Michael Jepsen Jensen wygrał w piątek trzeci finał IMŚJ i został liderem klasyfikacji. W sobotę i niedzielę Duńczyk był także mocnym punktem gorzowskiej Stali w pojedynkach ligowych.

W piątek w Coventry Michael Jepsen Jensen wygrał z kompletem punktów. - Było dobrze - ocenił krótko. - Tor nie był łatwy. Bardzo ważne były pola startowe i wyjście spod taśmy. Ja na szczęście wychodziłem dobrze z każdego pola - wspominał Duńczyk. Teraz "MJJ" jest liderem klasyfikacji IMŚJ. - Jestem liderem, mam przewagę trzech punktów, ale tak naprawdę nie liczy się kto teraz prowadzi, będzie się liczył tylko zwycięzca cyklu - stwierdził Jepsen Jensen. - Oczywiście miło jest jednak być liderem - dodał.

W sobotę gorzowska Stal podejmowała na własnym stadionie Włókniarz Częstochowa w zaległym meczu Enea Ekstraligi. - Oczywiście, odczuwałem zmęczenie po zawodach w Coventry, ale to nie ma znaczenia, trzeba jechać dalej - mówił po sobotnim pojedynku. Duńczyk w tym meczu zdobył osiem punktów, w jednym biegu dojeżdżając na końcu stawki. - Nie mam pojęcia co się stało. Wyjechałem spod taśmy i motocykl nagle przestał jechać. Spróbowałem go odpalić ponownie i jakby przez moment złapał moc, ale później znowu przestał jechać - oceniał Jepsen Jensen. - Osiem punktów to nie jest najgorszy wynik - dodał.

W niedzielę zawodnik gorzowskiej Stali zaprezentował się nieco lepiej, ale ponownie jego maszyny nie spisywały się tak, jakby on sam tego chciał. - Po prostu miałem problemy z motocyklem - odparł. W spotkaniu z Betardem Spartą Jepsen Jensen zdobył dziesięć punktów. - Nie do końca jestem zadowolony ze swojego wyniku, aczkolwiek myślę, że powinienem być - mówił po meczu Duńczyk. - Tor był dobrze przygotowany, więc nie było żadnych problemów z jazdą - dodał.

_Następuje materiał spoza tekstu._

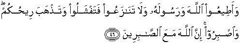46. Dan taatlah kepada Allah dan Rasul-Nya dan janganlah kamu berbantah-bantahan, yang menyebabkan kamu menjadi gentar dan hilang kekuatanmu dan bersabarlah. Sesungguhnya Allah beserta orang-orang yang sabar.
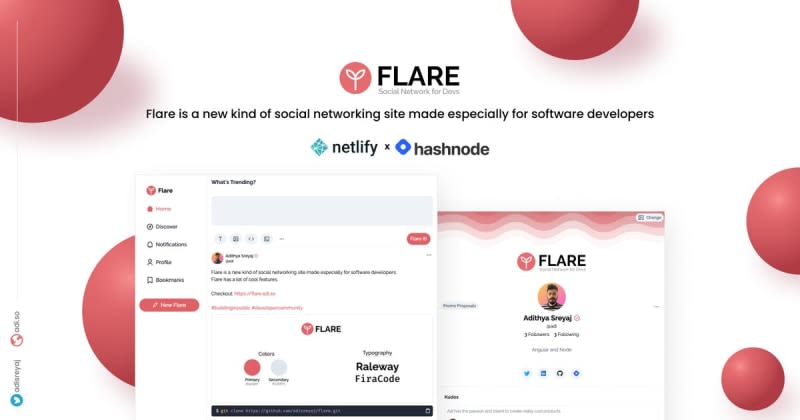 Flare is a new kind of social networking site made especially for software developers. Flare is my entry for the Netlify x Hashnode Hackathon. Flare uses a lot of cool open-source frameworks and tools. The client application for flare is built using Angular and is styled using Tailwind CSS.
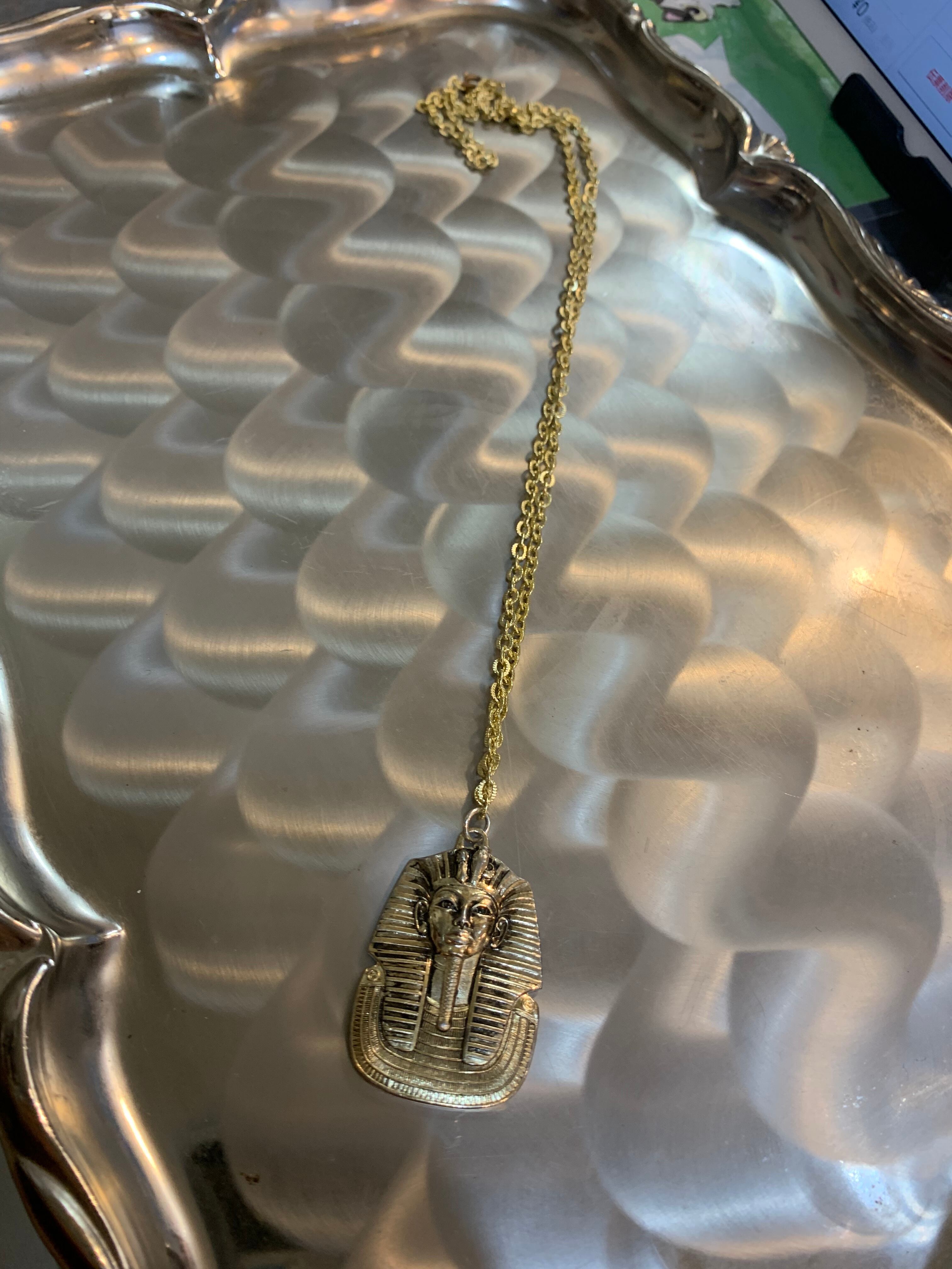 1965年に上野国立博物館で行われたツタンカーメン展の記念ネックレスです。当時所有者の名前が刻まれているのもまた乙です。
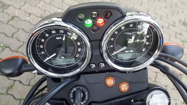 มาตรวัดแบบทรงกลมขอบโครเมียม 2 ชิ้นตรงกลางมีแผงไฟเตือนระบบต่างๆ ทั้งไฟสูง, ไฟเลี้ยว, ไฟตำแหน่งเกียร์ว่าง, ไฟเตือนน้ำมันเครื่อง, ไฟรูปเครื่องยนต์ และไฟเตือนน้ำมันใกล้หมดถังซึ่งรุ่นนี้ไม่มีเข็มบอกระดับน้ำมันมาให้
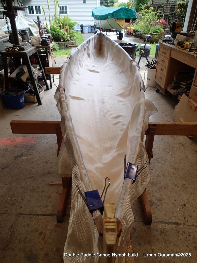 For a more stable work site, I took her off of the straps and put her on the solid wood sawhorse pieces. This way I can actually tie, strap, screw things to the sawhorses if I need to. I am using 4oz. cloth to keep the weight down. After the epoxy and cloth are done, I will install the inside gunnels. The 1″ bulldog clamps are really handy here. They are good for up to ¾” clamping thickness.
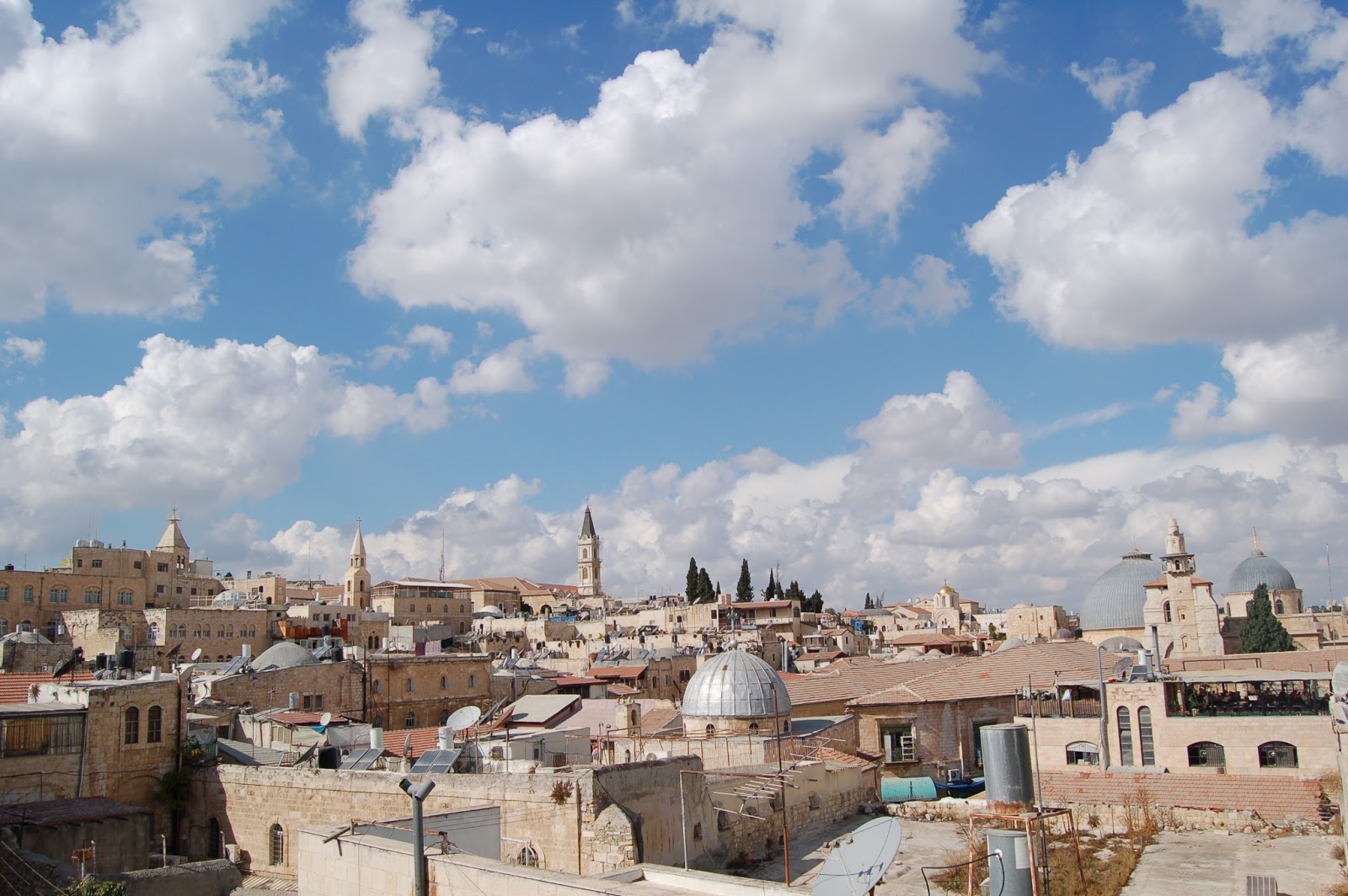 Dlatego, by odetchnąć świeżym powietrzem, uciekamy i wędrujemy po dachach jerozolimskich domów, tak szczelnie wypełniających przestrzeń, że można spacerować z jednego końca miasta na drugi…

W ostatniej kolejce Stal Gorzów udaje się na mecz do Torunia. Z jakim nastawieniem gorzowianie jadą do Grodu Kopernika? - Będzie dobrze - twierdzi Jepsen Jensen. Duńczyk to zawodnik, który do Gorzowa przyszedł właśnie z Torunia. - Na ten mecz bierzemy zupełnie inny sprzęt - zapowiedział. A czego można się spodziewać po ekipie "Aniołów" i MotoArenie? - W tym roku nie widziałem żadnego meczu z Torunia, więc nie wiem do końca jak tam jest, ale na pewno będzie dobrze - zakończył Michael Jepsen Jensen.